Movie Review – The Jammed


The Jammed is an independent Australian film which deals with the confronting subject of the sex slave trade in Australia. Writer/director Dee McLachlan has based the screenplay on real life cases and court transcripts, adding an extra dimension of realism to the film.

Ashley (Veronica Sywak) is a young Melbournian office-worker who becomes inadvertently involved with a Chinese woman, Sunee (Amanda Ma) and her search for her missing daughter Rubi (Sun Park).

Rubi has been brought illegally to Australia by human traffickers, who force her into a life of prostitution and virtual slavery. The film follows the lives of Rubi and fellow sex workers Crystal (Emma Lung) and Vanya (Saskia Bermeister), as they are physically and mentally abused by sleazy illegal brothel owner Vic Glassman (Andrew S Gilbert) and his gang of henchman.

The plot moves along briskly but without any major twists or surprises, and the performances of the cast, particularly Sywak and Lung, are strong and believable. Generally the writing is strong – McLachlan says the script was virtually unchanged from her first draft – though I found some of the scenes in the immigration holding centre a little contrived and unbelievable.
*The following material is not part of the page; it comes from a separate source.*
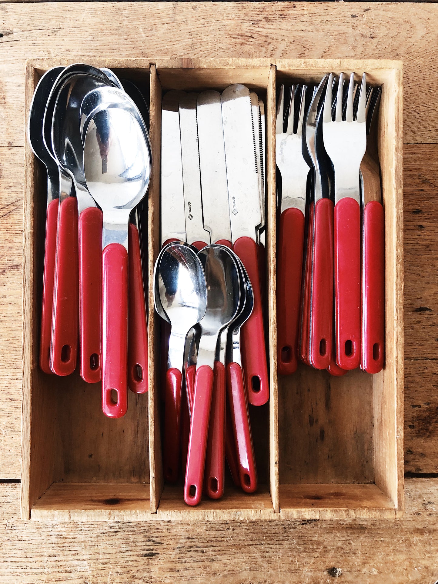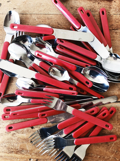 Made in Japan. Cherry red plastic handles with mod shaped stainless. Setting for 8 plus a few extras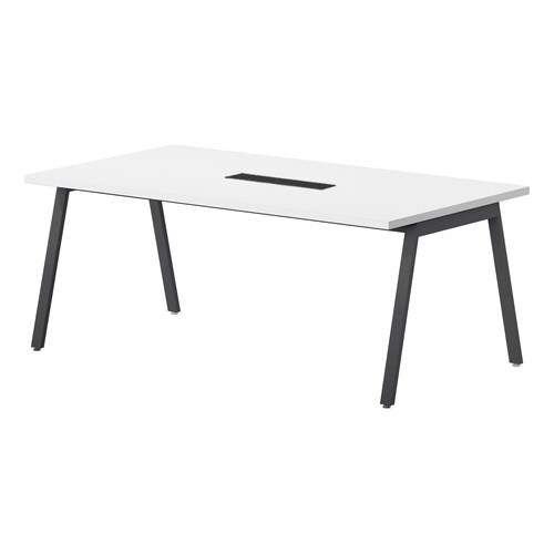 ハの字脚でバランスが良く、安定感のあるミーティングテーブル。サイズのラインナップが多く、オフィスなどのオープンスペースで人気のモデルのワイヤリングボックス付きタイプ。 |

The film was shot on location in Melbourne, and I enjoyed seeing familiar sights and streetscapes woven into the plot. Much of the action takes place in moving cars, which I found a bit grating after a while. The choice of locations is superb, conveying a dark and street-wise view of inner-suburban Melbourne, and adding to the gritty atmosphere of the film.

Incredibly McLachlan was unable to secure any funding for the movie, and could not even find a distributor, instead having to pay marketing costs and share profits in exchange for a limited two-week season at Cinema Nova. Critical reviews to date have been strong, and the session I attended was virtually fully sold out, which hopefully will translate into a wider release for the film.


2 Responses to Movie Review – The Jammed

  1. Joy Butler says:

    Last night I saw this movie and again was horrified and disgusted at what goes on in major cities of Australia. For all who can, we must speak up for those who cannot speak for themselves. We must be open about this issue, advertise, promote and talk to governments about eliminating this scourge on our society. Trafficking of women is abominable and must be stopped.

  2. clarkebruce says:

    Hi Joy

    Thanks for stopping by and checking out my review.

    Yes, the movie is pretty scary when you think it is based on real life court transcripts. Full marks to the writer/director for her determination in bringing the girls’ story to the big screen.